Grant number: 14/02819-0
Support type:Scholarships in Brazil - Doctorate
Effective date (Start): April 01, 2014
Effective date (End): February 28, 2018
Field of knowledge:Biological Sciences - Physiology - General Physiology
Principal researcher:Helena Coutinho Franco de Oliveira
Grantee:Juliana Cristine Rovani Rodrigues
Home Institution: Instituto de Biologia (IB). Universidade Estadual de Campinas (UNICAMP). Campinas , SP, Brazil
Associated research grant:13/07607-8 - OCRC - Obesity and Comorbidities Research Center, AP.CEPID


Our recent studies comparing two C57BL6 mice strains with or without deficiency of mitochondrial nicotinamide nucleotide transhydrogenase (NNT) revealed that the absence of NNT is associated with increased adiposity, hepatic steatosis, glucose intolerance and hyperinsulinemia (insulin resistance) and insulin hypersecretion. Furthermore, an increase of total insulin content in pancreatic islets of NNT deficient mice was observed. The phenotype characterization obtained, known as metabolic syndrome, is positively associated with high risk of vascular diseases. In a metabolic syndrome, a chronic state of subclinical inflammation and oxidative stress is also observed. NNT is a mitochondrial enzyme that produces NADPH from NADP+ and NADH, and play a significant role in the maintenance of mitochondrial bioenergetic and redox functions. Reduction of NADPH (in NNT deficiency) causes decreased GSH/GSSG ratio, reducing the antioxidant capacity and increasing the generation of reactive oxygen species in mitochondria. Our hypothesis is that NNT deficiency causes oxidative stress, which contributes to the genesis of glucose and lipid metabolism disorders. Therefore, the objective of this project is to study the cellular and molecular mechanisms involved in the effect NNT deficiency on the glucose homeostasis and adiposity in C57BL6/J (Jackson Lab, NNT deficient) and C57BL6/JUnib, (CEMIB-Unicamp, NNT intact).

Scientific publications
(References retrieved automatically from Web of Science and SciELO through information on FAPESP grants and their corresponding numbers as mentioned in the publications by the authors)

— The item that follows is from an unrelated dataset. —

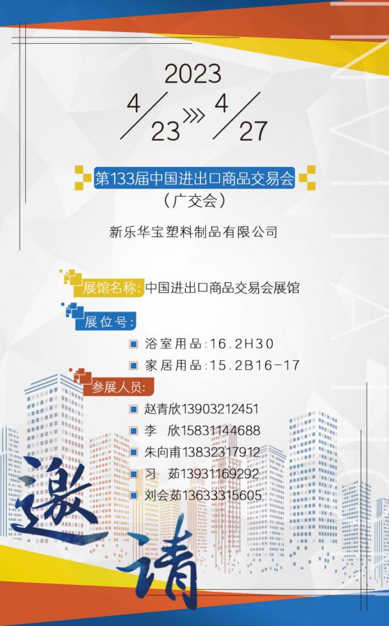 廣交世界,互利天下,新樂(lè )華寶塑料制品二期展位號:浴室用品16.2H30 /家居用品15.2B16-17 上一個(gè):2023第16屆寧波國際塑料橡膠工業(yè)展覽會(huì ) 下一個(gè):叮咚丨新樂(lè )華寶塑料制品有限公司3月份展會(huì )速遞

NAVARRO, CLAUDIA D. C.; FIGUEIRA, TIAGO R.; FRANCISCO, ANNELISE; DAL'BO, GENOEFA A.; RONCHI, JULIANA A.; ROVANI, JULIANA C.; ESCANHOELA, CECILIA A. F.; OLIVEIRA, HELENA C. F.; CASTILHO, ROGER F.; VERCESI, ANIBAL E. Redox imbalance due to the loss of mitochondrial NAD(P)-transhydrogenase markedly aggravates high fat diet-induced fatty liver disease in mice. Free Radical Biology and Medicine, v. 113, p. 190-202, DEC 2017. Web of Science Citations: 12.
Academic Publications
(References retrieved automatically from State of São Paulo Research Institutions)
RODRIGUES, Juliana Cristine Rovani. Role of mitochondrial nicotinamide nucleotide transhydrogenase in glucose and lipids metabolism. 2018. Doctoral Thesis - Universidade Estadual de Campinas, Instituto de Biologia.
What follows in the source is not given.